ISTERIA DELL'ETERNITà

Capisco che si possa avere il gusto della Croce, ma riprodurre tutti i giorni l'avvenimento trito del Calvario ha un che di meraviglioso, di insensato e di stupido. Poiché alla fine anche il Salvatore, se si abusa delle sue malie, è tedioso al pari di chiunque altro.
I santi furono dei grandi perversi, come le sante furono delle magnifiche voluttuose. Gli uni e le altre - folli di una sola idea - trasformarono la croce in vizio. La "profondità" è la dimensione di coloro che non sono in grado di variare i loro pensieri e i loro appetiti, e che esplorano una stessa ragione del piacere e del dolore. Attenti al fluttuare degli istanti, non siamo capaci di ammettere un avvenimento assoluto: Gesù non potrebbe dividere la storia in due, né l'irruzione della Croce spezzare il corso imparziale del tempo. Il pensiero religioso - forma di pensiero ossessivo - sottrae all'insieme degli avvenimenti una porzione temporale e la investe di tutti gli attributi dell'Incondizionato.
è in questo modo che gli dèi e i loro figli furono possibili...
La vita è il luogo delle mie infatuazioni: tutto ciò che strappo all'indifferenza glielo restituisco quasi immediatamente. Non così agiscono i santi: essi scelgono una volta per tutte. Io vivo per distaccarmi da tutto quello che amo, loro per infatuarsi di un solo oggetto; io assaporo l'eternità, loro vi si inabissano.
Le meraviglie della terra - e, a maggior ragione, quelle del cielo - provengono da un'isteria duratura. La santità: terremoto del cuore, annientamento a furia di credere, espressione culminante della sensibilità fanatica, deformità trascendente... Fra un illuminato e un semplice di spirito vi è maggiore corrispondenza che non fra il primo e uno scettico. Ecco tutta la distanza che separa la fede dalla conoscenza senza speranza, dall'esistenza senza risultato.
 
TAPPE DELL'ORGOGLIO

Frequentando la follia dei santi, vi capita di dimenticare i vostri limiti, le vostre catene, i vostri fardelli, e di esclamare: "Io sono l'anima del mondo; imporporo l'universo con i miei ardori. Ormai non vi sarà più notte: ho preparato la festa eterna degli astri; il sole è superfluo: tutto riluce, e le pietre sono più lievi delle ali degli angeli".

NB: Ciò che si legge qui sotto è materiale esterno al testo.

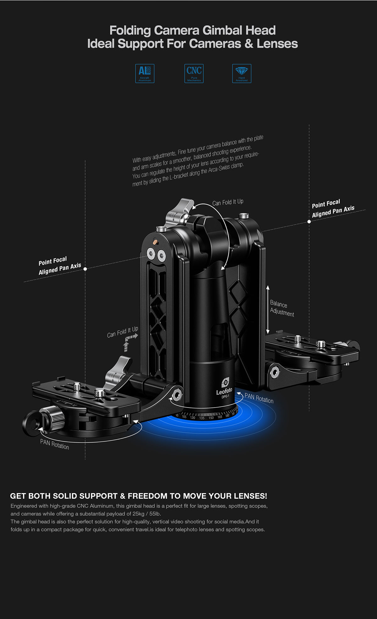 Leofoto DPG-1 là đầu gimbal Dual-camera - giải pháp chuyên nghiệp dành cho các nhiếp ảnh gia và nhà làm phim cần gắn đồng thời hai máy ảnh trong một hệ thống ổn định và linh hoạt. Được chế tạo từ hợp kim nhôm cao cấp với cấu tạo bền bỉ, sản phẩm cho phép điều chỉnh trục Pan, Tilt và Roll một cách mượt mà và chính xác, giúp cân bằng tải tối ưu cho các dự án quay phim phức tạp. Hệ thống gắn kép cùng cơ chế khóa an toàn của DPG-1 giúp tiết kiệm thời gian chuyển đổi góc quay và hỗ trợ quay đa camera trong mọi điều kiện, mang lại hiệu suất cao và sự linh hoạt tối đa cho các cảnh quay sáng tạo.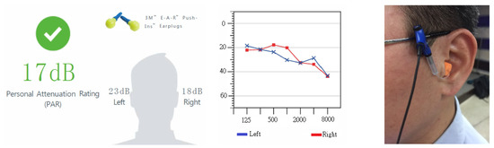 NRR considers the individual differences of the wearer. Thus, the calculated protection average is subtracted by two standard deviations to determine the point at which 97% of wearers can wear this HPD and achieve the desired NRR value. Based on the consideration of protecting workers’ hearing from damage due to exposure, institutions should choose HPDs marked with the tested sound-attenuation value according to the conditions of the workplace [15]. Although the NRR aims to achieve a theoretical noise reduction for 98% of workers if they follow the HPD instructions, according to the research, fewer than 5% of workers actually reach the protection level predicted by the NRR [16,17]. At present, there are many systems available for measuring the attenuation performance of HPDs worn by workers in workplaces, including the following: real-ear attenuation at threshold (REAT) (see Method B of ANSI S12.6-1997 and SA/SNZ 1270), which is particularly intended for continuous usage conditions and can provide estimates of field performance [15], field microphone in real ear (F-MIRE), and acoustic text fixture (ATF). In this study, one of these test methods was specifically introduced, the F-MIRE [18] system, which combines a single miniature two-element microphone and relevant professional technologies [19,20,21].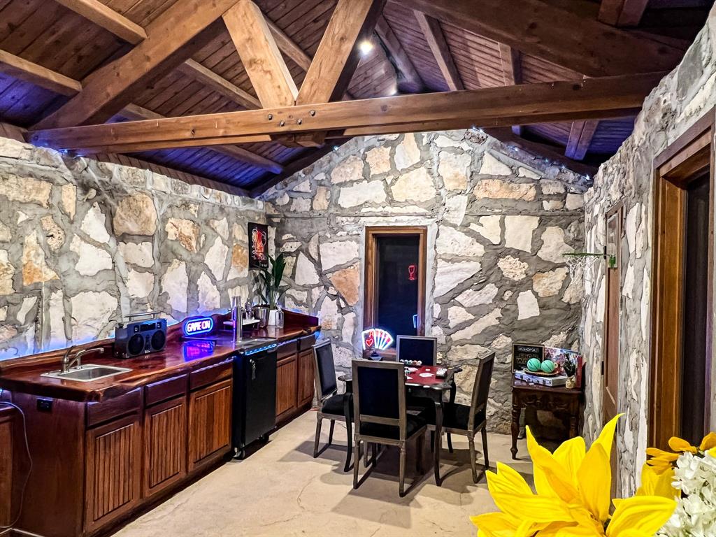 | Interior Features | Bar, Bookcases, Breakfast Bar, Built-in Features, Beamed Ceilings, Vaulted Ceiling(s), Granite Counters, Stone Counters, Double Vanity, Eat-in Kitchen, High Speed Internet, Kitchen Island, Multiple Dining Areas, Multiple Living Areas, Natural Woodwork, Open Floorplan, Pantry, Primary Bedroom on Main, Recessed Lighting, Soaking Tub, Storage, Walk-In Closet(s), Wet Bar | |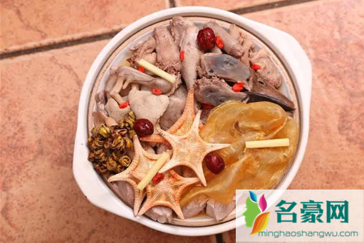 2、海星三宝(双人汤)材料:海星10g、扇贝3只、牛蛙200g、鲍鱼300g、龙眼肉适量、瘦肉500g、黄酒适量、生姜适量、盐适量。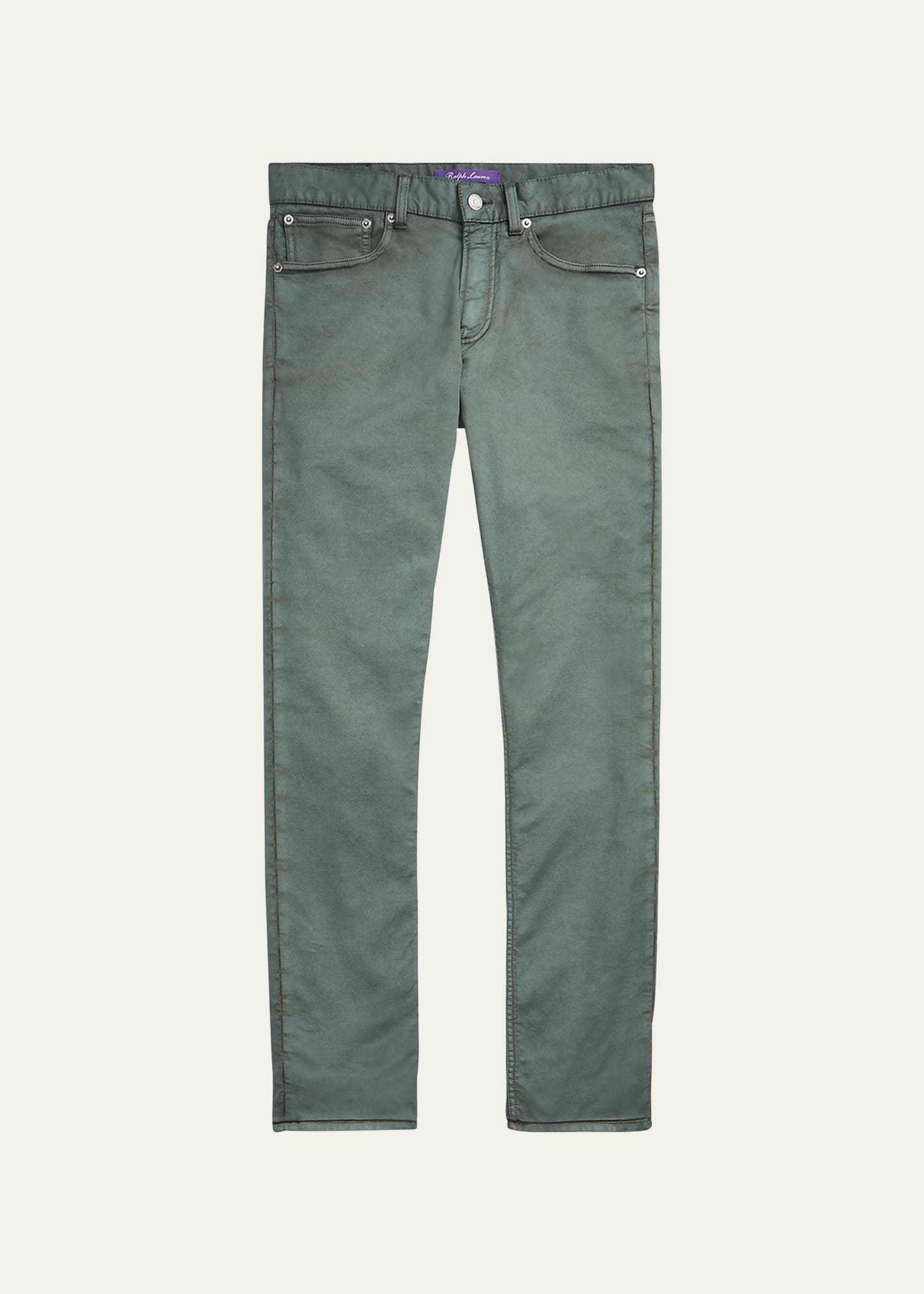 Ralph Lauren Home pants are garment-dyed and crafted from lightweight Italian cotton dobby fabric enhanced with stretch for ease of movement Approx. 8.75" rise; 14" leg opening (size 32W) Button-zip front; belt loops High-rise; flat front Five-pocket style Leather logo patch at back Fitted through skinny legs Full length Slim fit Model is 6'1" (size 32w x 32l) Cotton/elastane Machine washable Made in Portugal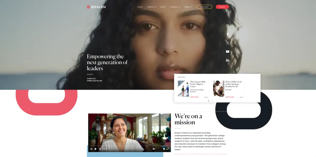 When you think of a strong branded website, this Braven site is high on the list. Modern, clean, full of great messaging and great content. It makes you want to scroll and check out more of the site. From strong color schemes to leaning in heavy with their mission statement and trust building stats. Though they have multiple colors in their color scheme, they use white space and also use a shade of gray to break everything up. Perfect use of icons, imagery and text, making this one of my favorite sites on the list.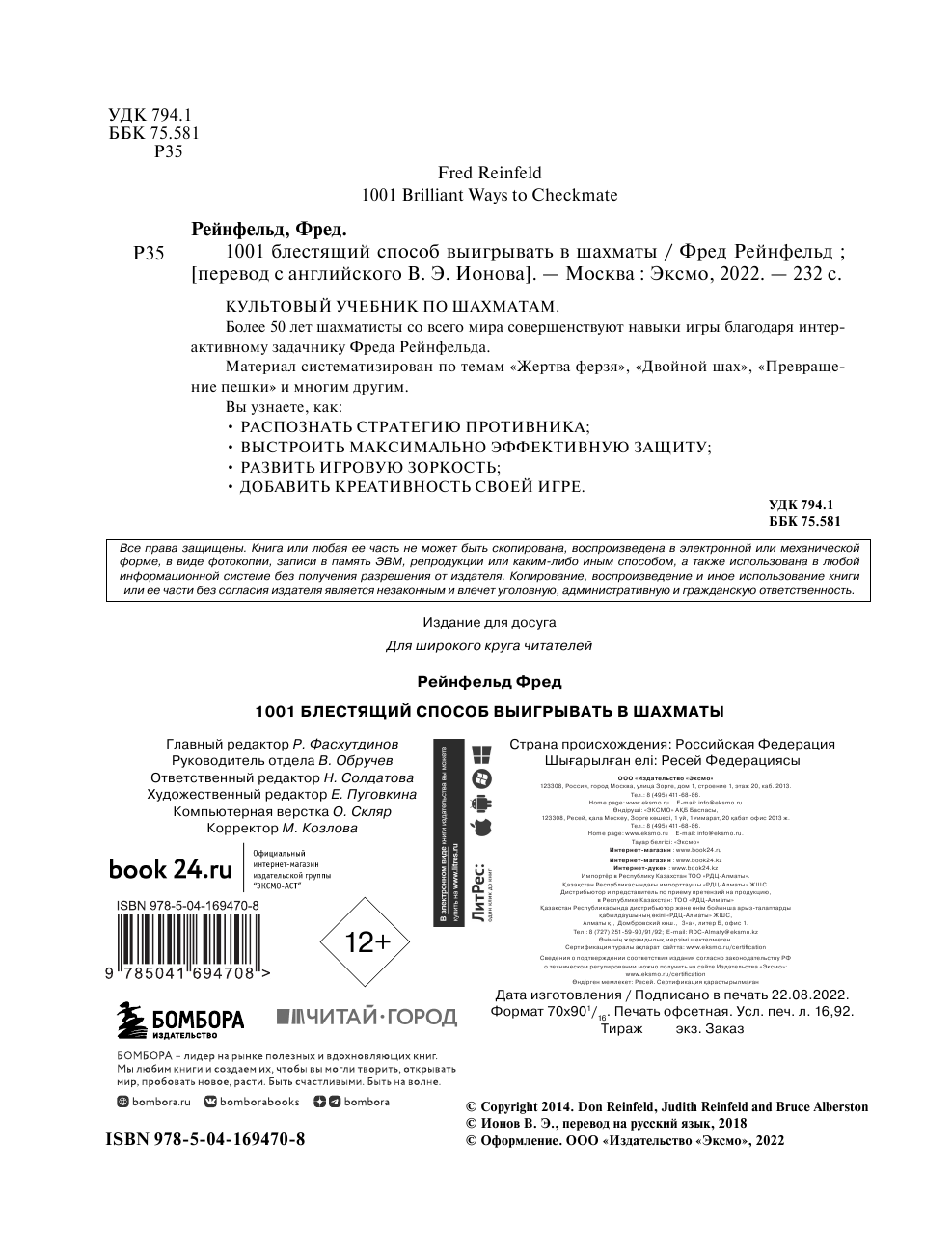 1001 блестящий способ выигрывать в шахматы (3-ое изд.) (Ионова В.Э. (переводчик), Рейнфельд Фред); Эксмо, 2022

Poi, tra la frenesia e il raccoglimento: "Se non sono questa Anima, almeno aspiro ad esserlo. Non ho forse dato il mio nome a tutti gli oggetti? Tutto mi proclama, dai letamai alle volte celesti: non sono io il silenzio e il frastuono delle cose?"
E, al punto più basso, passata la sbornia: "Sono la tomba delle faville, il ludibrio del verme, una carogna che importuna l'azzurro, un emulo carnevalesco dei cieli, un ex Nulla senza nemmeno il privilegio di essere mai imputridito. Sono dunque giunto a tale perfezione d'abisso da non aver più spazio per decadere?"